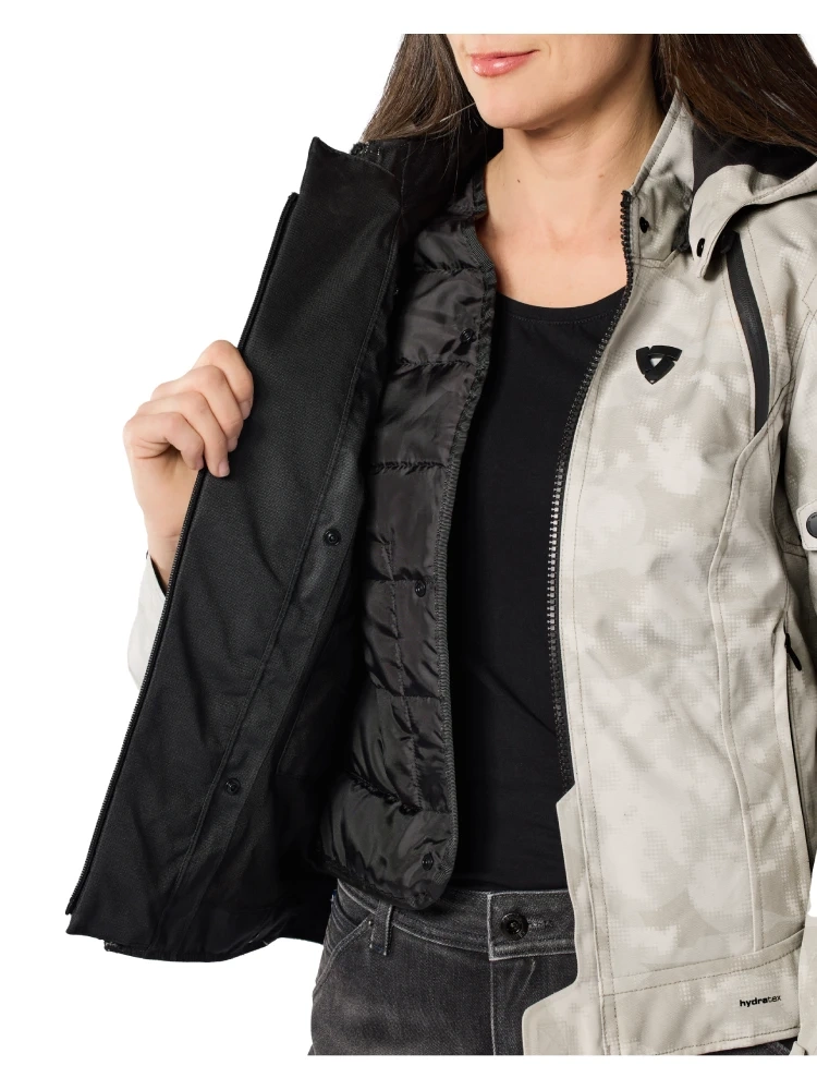 - membrana Hydratex®|G-liner - wodoodporną membranę nakładaną na wewnętrznej warstwie odzieży wzmocniono klejonymi szwami w celu zapewnienia wodoodporności. The REV'IT! Hydratex® | G-liner zapewnia podstawową ochronę w każdych warunkach pogodowych
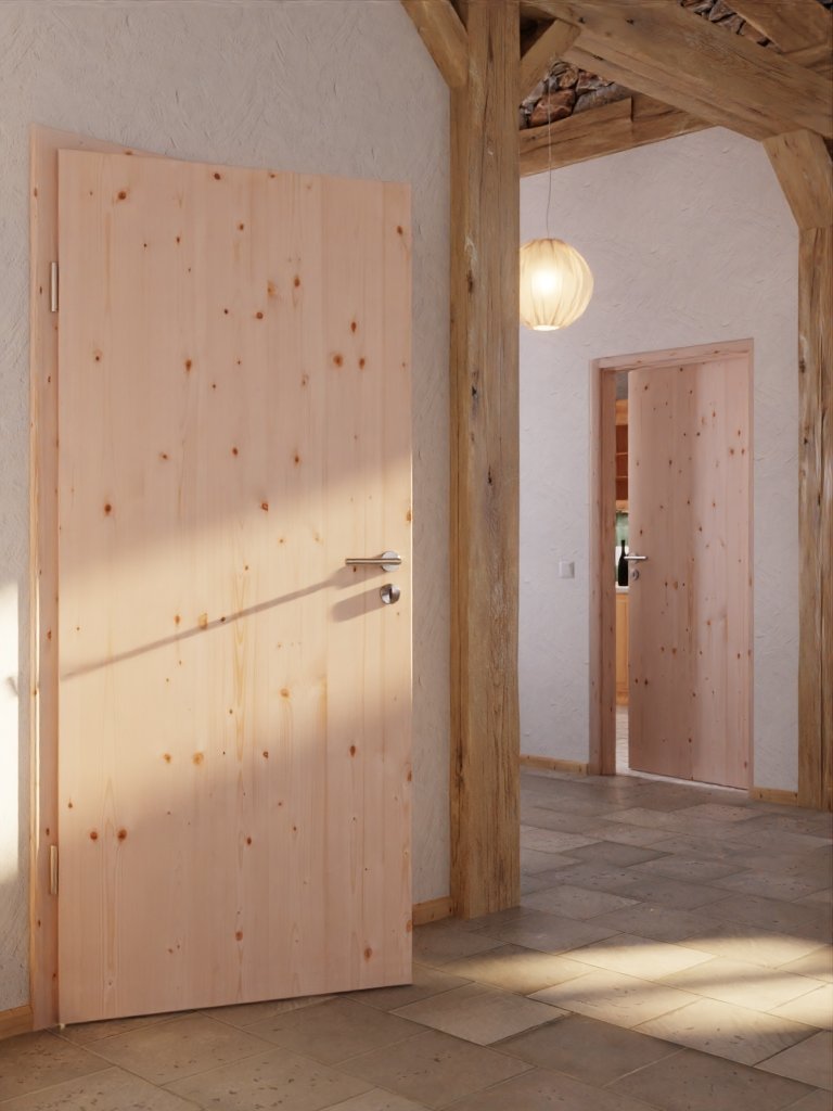 Za szczególnie wysoką stabilność drzwi z litego drewna odpowiada produkcja w technologii klejonej warstwowo. Powierzchnię można dostosować do swoich potrzeb za pomocą odpowiedniego wykończenia. W menu konfiguracji znajdą Państwo różne opcje – od standardowej, nieobrobionej powierzchni po wysokiej jakości lakierowanie.
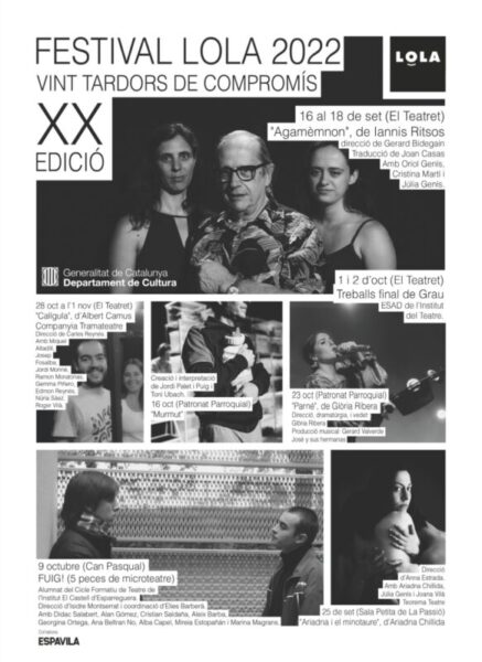 El Festival LOLA d’Esparreguera ja ha presentat la programació de la temporada 2022, que enguany arriba a la seva vintena edició. Les activitats s’iniciaran el 16 de setembre i les funcions s’allargaran fins el 9 d’octubre.
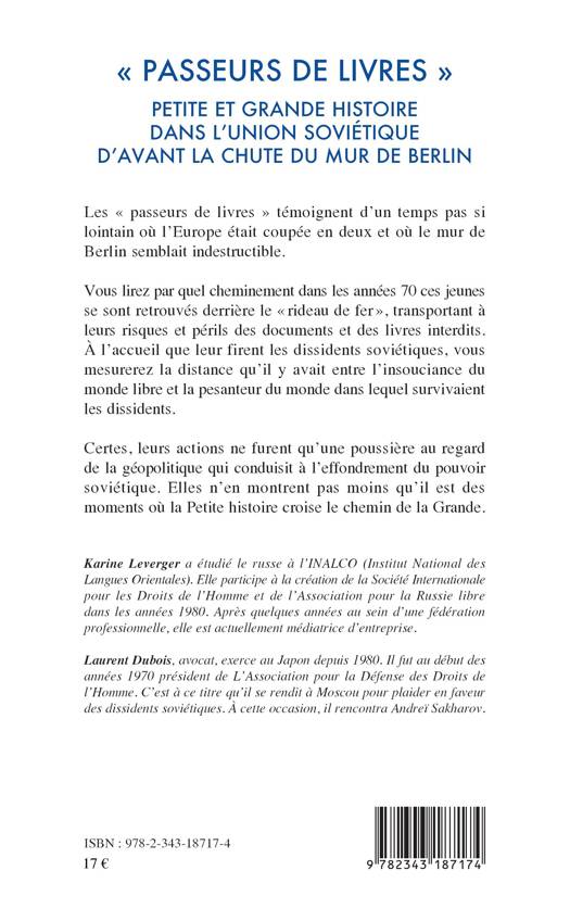 Ce livre est un récit composé de témoignages d'un temps pas si lointain où l'Europe était coupée en deux et où le mur de Berlin semblait indestructible. L'histoire des « passeurs de livres » se situe à l'époque de la "détente" entre les deux blocs représentés par les Etats-Unis et l'Union Soviétique. Ces récits montrent par quel cheminement dans les années 70 ces jeunes se sont retrouvés derrière le « rideau de fer », transportant à leurs risques et périls des documents et des livres interdits. À l'accueil que leur firent les dissidents soviétiques, nous mesurons la distance qu'il y avait entre l'insouciance du monde libre et la pesanteur du monde dans lequel survivaient les dissidents.
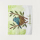 Ein schwarzgefangener Monarch thront in seinem gemütlichen Nest inmitten von grünen Zweigen, umgeben von tropischem Blattwerk. Die ausführliche Abbildung zeigt die weichen blauen Federn des Vogels und die üppige Vegetation der Dschungelbäume Zuhause.
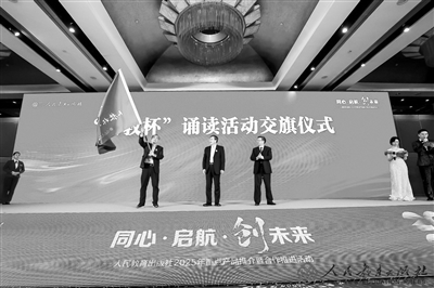 现场还举行了“典耀中华——第六届‘人教杯’诵读活动”交旗仪式,诵读活动的旗帜由2024年的共同举办方江西省出版传媒集团传递给今年的共同举办方重庆新华出版集团。该活动为人教社与全国各省出版发行集团共同打造的知名文化教育品牌,已成功举办5届,现已成为传播中华优秀传统文化、弘扬革命文化和社会主义先进文化的优质平台。

_ _ _ _

Please output the records above exactly, without the pictures.

 - membrana Hydratex®|G-liner - wodoodporną membranę nakładaną na wewnętrznej warstwie odzieży wzmocniono klejonymi szwami w celu zapewnienia wodoodporności. The REV'IT! Hydratex® | G-liner zapewnia podstawową ochronę w każdych warunkach pogodowych
 Za szczególnie wysoką stabilność drzwi z litego drewna odpowiada produkcja w technologii klejonej warstwowo. Powierzchnię można dostosować do swoich potrzeb za pomocą odpowiedniego wykończenia. W menu konfiguracji znajdą Państwo różne opcje – od standardowej, nieobrobionej powierzchni po wysokiej jakości lakierowanie.
 El Festival LOLA d’Esparreguera ja ha presentat la programació de la temporada 2022, que enguany arriba a la seva vintena edició. Les activitats s’iniciaran el 16 de setembre i les funcions s’allargaran fins el 9 d’octubre.
 Ce livre est un récit composé de témoignages d'un temps pas si lointain où l'Europe était coupée en deux et où le mur de Berlin semblait indestructible. L'histoire des « passeurs de livres » se situe à l'époque de la "détente" entre les deux blocs représentés par les Etats-Unis et l'Union Soviétique. Ces récits montrent par quel cheminement dans les années 70 ces jeunes se sont retrouvés derrière le « rideau de fer », transportant à leurs risques et périls des documents et des livres interdits. À l'accueil que leur firent les dissidents soviétiques, nous mesurons la distance qu'il y avait entre l'insouciance du monde libre et la pesanteur du monde dans lequel survivaient les dissidents.
 Ein schwarzgefangener Monarch thront in seinem gemütlichen Nest inmitten von grünen Zweigen, umgeben von tropischem Blattwerk. Die ausführliche Abbildung zeigt die weichen blauen Federn des Vogels und die üppige Vegetation der Dschungelbäume Zuhause.
 现场还举行了“典耀中华——第六届‘人教杯’诵读活动”交旗仪式,诵读活动的旗帜由2024年的共同举办方江西省出版传媒集团传递给今年的共同举办方重庆新华出版集团。该活动为人教社与全国各省出版发行集团共同打造的知名文化教育品牌,已成功举办5届,现已成为传播中华优秀传统文化、弘扬革命文化和社会主义先进文化的优质平台。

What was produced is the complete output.